↓↓↓
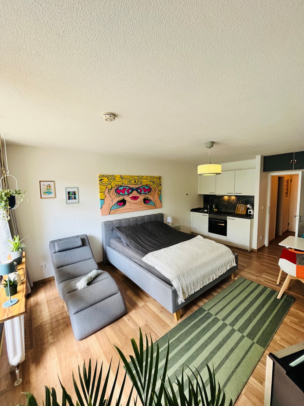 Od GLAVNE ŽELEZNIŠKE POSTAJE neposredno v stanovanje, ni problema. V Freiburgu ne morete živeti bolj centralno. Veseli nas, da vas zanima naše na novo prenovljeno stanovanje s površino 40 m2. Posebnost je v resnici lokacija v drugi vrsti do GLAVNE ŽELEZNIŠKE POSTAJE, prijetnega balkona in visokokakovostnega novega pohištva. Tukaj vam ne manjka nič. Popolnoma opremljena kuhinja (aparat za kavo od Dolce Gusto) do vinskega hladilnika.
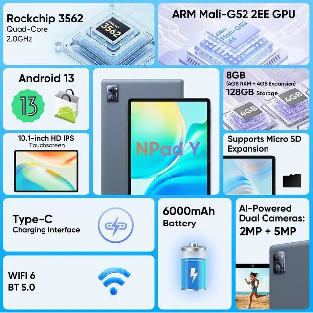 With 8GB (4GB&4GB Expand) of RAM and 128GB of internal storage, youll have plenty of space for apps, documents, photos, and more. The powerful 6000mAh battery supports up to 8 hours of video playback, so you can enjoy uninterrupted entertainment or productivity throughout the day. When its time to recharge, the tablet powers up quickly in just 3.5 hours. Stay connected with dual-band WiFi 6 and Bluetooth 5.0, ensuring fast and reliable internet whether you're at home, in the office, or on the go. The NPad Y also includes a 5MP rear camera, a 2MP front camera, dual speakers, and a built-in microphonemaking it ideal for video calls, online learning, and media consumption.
↑↑↑
↓↓↓
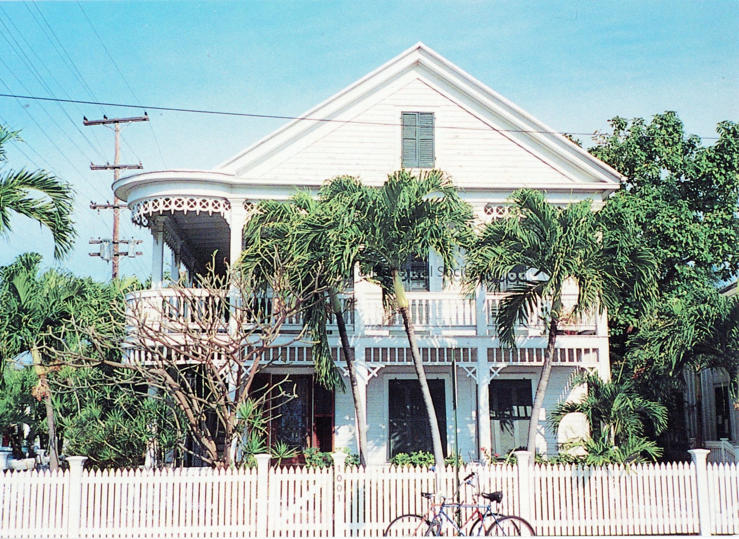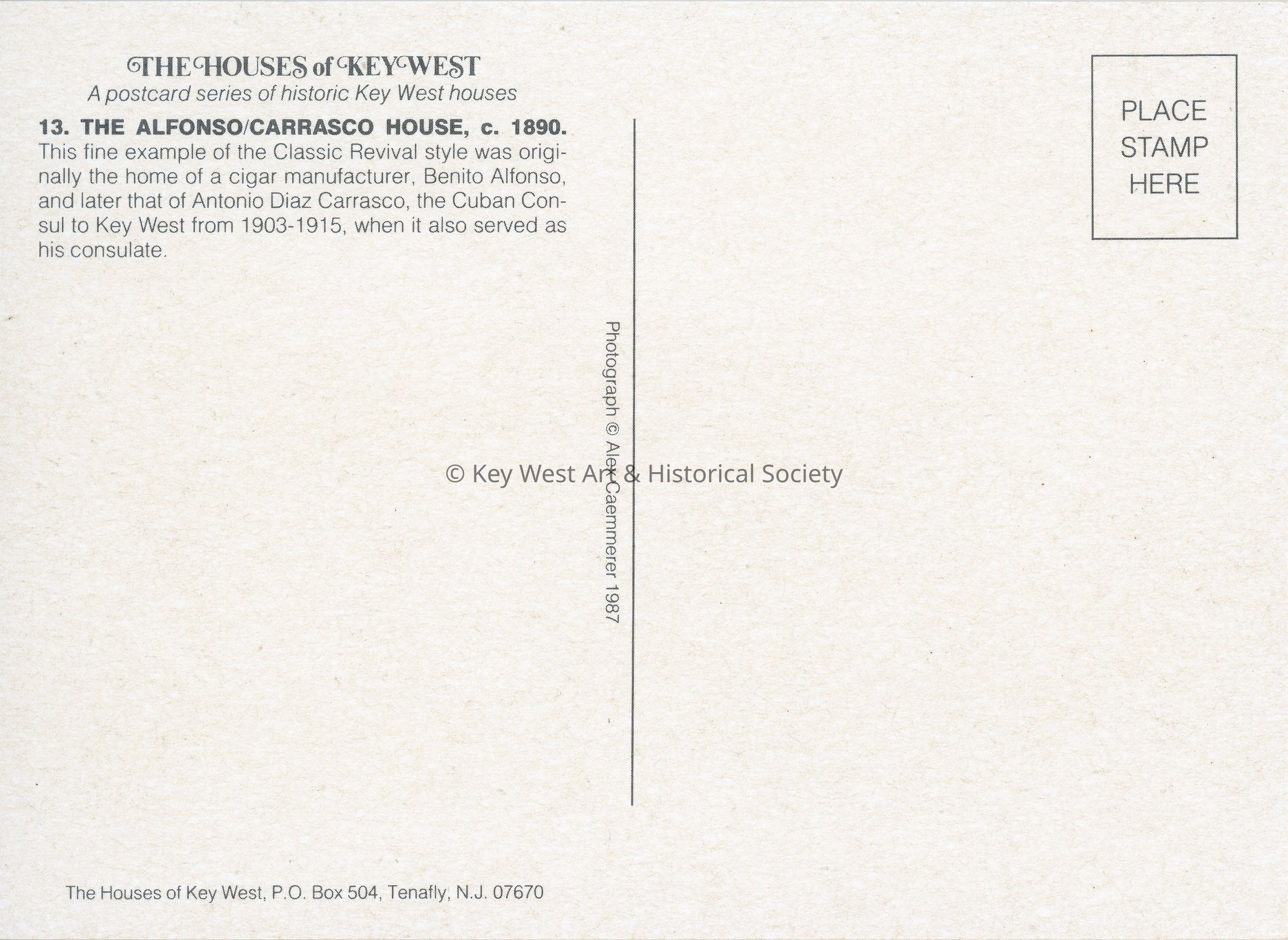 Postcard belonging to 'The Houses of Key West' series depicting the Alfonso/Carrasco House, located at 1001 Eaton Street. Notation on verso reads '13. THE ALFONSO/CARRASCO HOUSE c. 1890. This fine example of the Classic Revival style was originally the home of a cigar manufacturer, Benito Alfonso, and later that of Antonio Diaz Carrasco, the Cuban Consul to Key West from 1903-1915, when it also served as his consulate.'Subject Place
↑↑↑
## Problem details
Working from the entries above, please transcribe only the lines from the line with "Od GLAVNE ŽELEZNIŠKE" through the line with "With 8GB (4GB&4GB", exactly, with both end lines and without pictures.

## Answer for the task
 Od GLAVNE ŽELEZNIŠKE POSTAJE neposredno v stanovanje, ni problema. V Freiburgu ne morete živeti bolj centralno. Veseli nas, da vas zanima naše na novo prenovljeno stanovanje s površino 40 m2. Posebnost je v resnici lokacija v drugi vrsti do GLAVNE ŽELEZNIŠKE POSTAJE, prijetnega balkona in visokokakovostnega novega pohištva. Tukaj vam ne manjka nič. Popolnoma opremljena kuhinja (aparat za kavo od Dolce Gusto) do vinskega hladilnika.
 With 8GB (4GB&4GB Expand) of RAM and 128GB of internal storage, youll have plenty of space for apps, documents, photos, and more. The powerful 6000mAh battery supports up to 8 hours of video playback, so you can enjoy uninterrupted entertainment or productivity throughout the day. When its time to recharge, the tablet powers up quickly in just 3.5 hours. Stay connected with dual-band WiFi 6 and Bluetooth 5.0, ensuring fast and reliable internet whether you're at home, in the office, or on the go. The NPad Y also includes a 5MP rear camera, a 2MP front camera, dual speakers, and a built-in microphonemaking it ideal for video calls, online learning, and media consumption.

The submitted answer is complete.